JUSTICEMères voilées en sortie scolaire: Le Conseil d'État doit se prononcer

Mères voilées en sortie scolaire: Le Conseil d'État doit se prononcer

JUSTICEQuelle que soit la décision, elle devrait faire polémique...
20 Minutes avec AFP

20 Minutes avec AFP

Le Conseil d’État devrait rendre un avis en début de semaine sur l'interdiction faite aux mères voilées d'accompagner leurs enfants lors de sorties scolaires, a-t-on appris de sources concordantes.

Les conseillers d’État ont débattu de cette question jeudi soir et devraient rédiger rapidement leur avis, selon ces sources. La haute autorité avait été saisie de plusieurs questions touchant à la laïcité et à la liberté d'expression religieuse en septembre par le Défenseur des droits Dominique Baudis, qui regrette de nombreuses «zones d'ombre» sur ces questions.

Il souhaite obtenir les «clarifications nécessaires», notamment concernant «les collaborateurs bénévoles ou occasionnels du service public», comme ces mères voilées. Une circulaire de l'ancien ministre de l’Éducation Luc Châtel, datant de 2011, demande à ce que les mères d'élèves accompagnant les sorties scolaires ne portent pas de signes religieux ostentatoires. Mais le Défenseur constate que «sur le terrain», les «dispositions prises varient d'un établissement à l'autre».

Des auxiliaires de service public?

Quel que soit l'avis du Conseil d’État sur cette question, le gouvernement pourra ensuite choisir de le suivre ou non. L'actuel ministre de l’Éducation Vincent Peillon, interrogé la semaine dernière à ce sujet, a affirmé qu'il suivait «l'état du droit».

«L'état du droit aujourd'hui - et je n'ai pas abrogé la circulaire Chatel - c'est que les parents accompagnateurs, essentiellement les mères en l'occurrence, sont considérés comme des auxiliaires du service public. S'il y a des évolutions de notre droit, nous verrons», avait-il déclaré mardi. «S'il s'avérait - puisque le Défenseur des droits Dominique Baudis a saisi le Conseil d’État- que le Conseil d’État disait autre chose, nous tous, nous aurions à réfléchir aux modalités», a-t-il poursuivi.

Dimanche, Najat Vallaud-Belkacem a affirmé que le gouvernement serait «scrupuleux à garantir la sanctuarisation de l'école de toutes influences politiques, religieuses, de tout prosélytisme».

«Excès regrettables»

«Tout ce qui pourra nous sembler relever du prosélytisme religieux, y compris venant de personnes qui ne sont pas agents du service public, nous le combattrons», a appuyé la porte-parole du gouvernement, soulignant qu«il examinerait «avec attention» l'avis du Conseil d’État.

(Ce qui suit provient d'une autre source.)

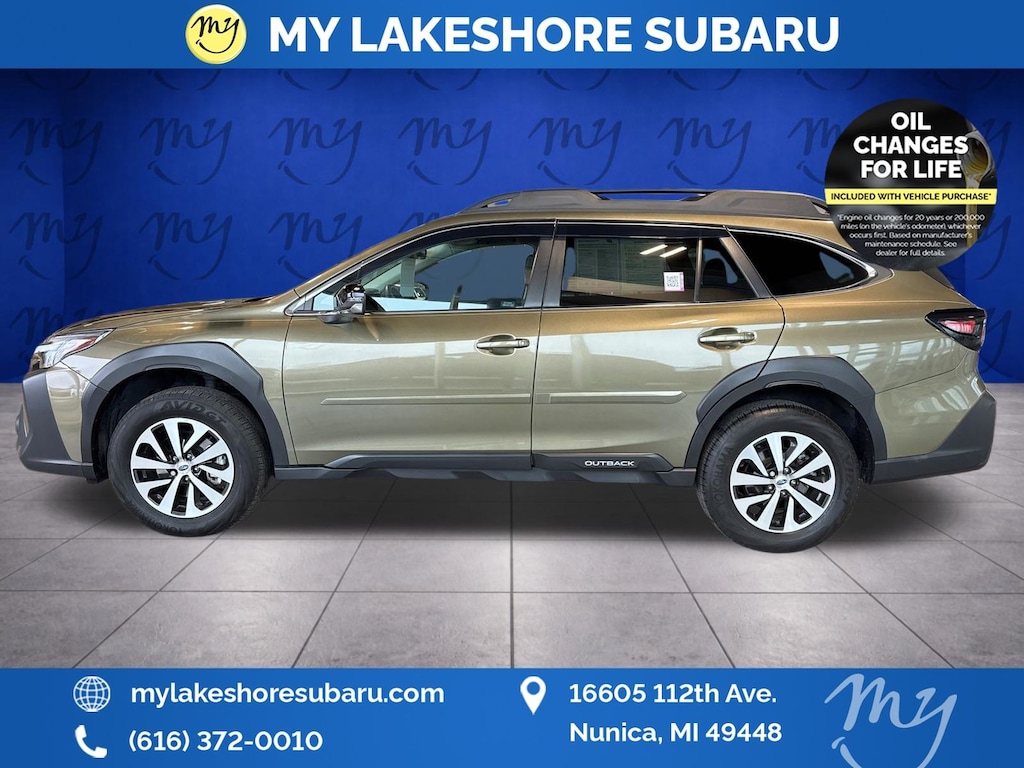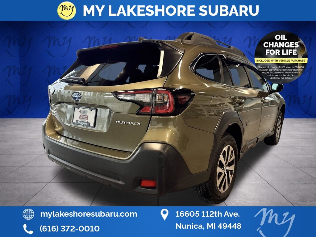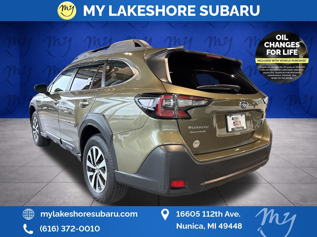Outback Premium, Autumn Green Metallic, *ALL WHEEL DRIVE*, *APPLE CARPLAY & ANDROID AUTO*, *BACKUP CAMERA*, *BLIND SPOT MONITORING*, *EYESIGHT Driver Assist*, *HEATED STEERING WHEEL*, *LANE DEPARTURE WARNING*, *LEATHER HEATED POWER SEATS*, *MOONROOF*, *OIL CHANGES for LIFE*, *PREMIUM SOUND*, Blind Spot Detection (BSD), BSD w/RCTA & Keyless Access & Push Button Start, Hands-Free Power Rear Gate, Keyless Access w/Push Button Start, Rear Cross Traffic Alert (RCTA). Certified. Autumn Green Metallic 2025 Subaru Outback Premium AWD CVT Lineartronic 2.5L 4-Cylinder DOHC 16V

Le Premier ministre Jean-Marc Ayrault a été vivement critiqué la semaine dernière, après la publication sur le site de Matignon de rapports sur l'intégration, dont certains prônent de revenir sur l'interdiction des signes religieux à l'école inscrite dans la loi depuis 2004.

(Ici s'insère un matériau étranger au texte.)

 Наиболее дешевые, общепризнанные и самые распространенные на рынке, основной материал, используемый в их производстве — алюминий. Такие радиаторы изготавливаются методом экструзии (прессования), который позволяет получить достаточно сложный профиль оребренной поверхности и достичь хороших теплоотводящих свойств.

Le cardinal-archevêque de Paris Mgr André Vingt-Trois, interrogé samedi sur les mères voilées en sorties scolaires, s'est demandé «si la République doit décider de la manière de s'habiller» des uns et des autres, affirmant craindre que «la peur de l'autre» n'aboutisse «à une société de l'interdit en France». «Est-ce que l'on peut interdire à des parents d'exercer leurs responsabilités, sous prétexte qu'ils portent ou non un foulard? Il y a eu des excès regrettables qui font que des instituteurs ont renoncé à faire des sorties scolaires», a-t-il regretté.

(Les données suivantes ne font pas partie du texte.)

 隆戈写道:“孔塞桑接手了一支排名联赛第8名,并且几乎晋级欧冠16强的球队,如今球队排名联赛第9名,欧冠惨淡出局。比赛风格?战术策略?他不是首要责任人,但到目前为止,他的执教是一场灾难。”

Une laïcité spéciale islam?

Comme plusieurs observateurs de ces questions, le chercheur au CNRS Franck Frégosi s'inquiète «qu'un certain nombre d'éléments récents sont perçus comme visant quasi exclusivement les musulmans, même si la teneur du discours de la majorité politique prend moins l'islam pour cible aujourd'hui».

Jean Baubérot, sociologue des religions et de la laïcité, s'inquiète aussi qu'on mette «la laïcité à toutes les sauces». Sur l'interdiction aux «mamans portant le foulard d'accompagner les sorties scolaires», il s'interroge: «Comment prétendre aider l'intégration, alors qu'on refuserait à ces femmes leur place dans la cité?».

Pour lui, «on est en train de faire une nouvelle laïcité qui est plus dure pour l'islam que pour les autres religions, alors que normalement, dans la Constitution, toutes les religions, toutes les races doivent être traitées à égalité».

La loi de séparation des Églises et de l’État de 1905 n'édicte aucun interdit vestimentaire dans l'espace public.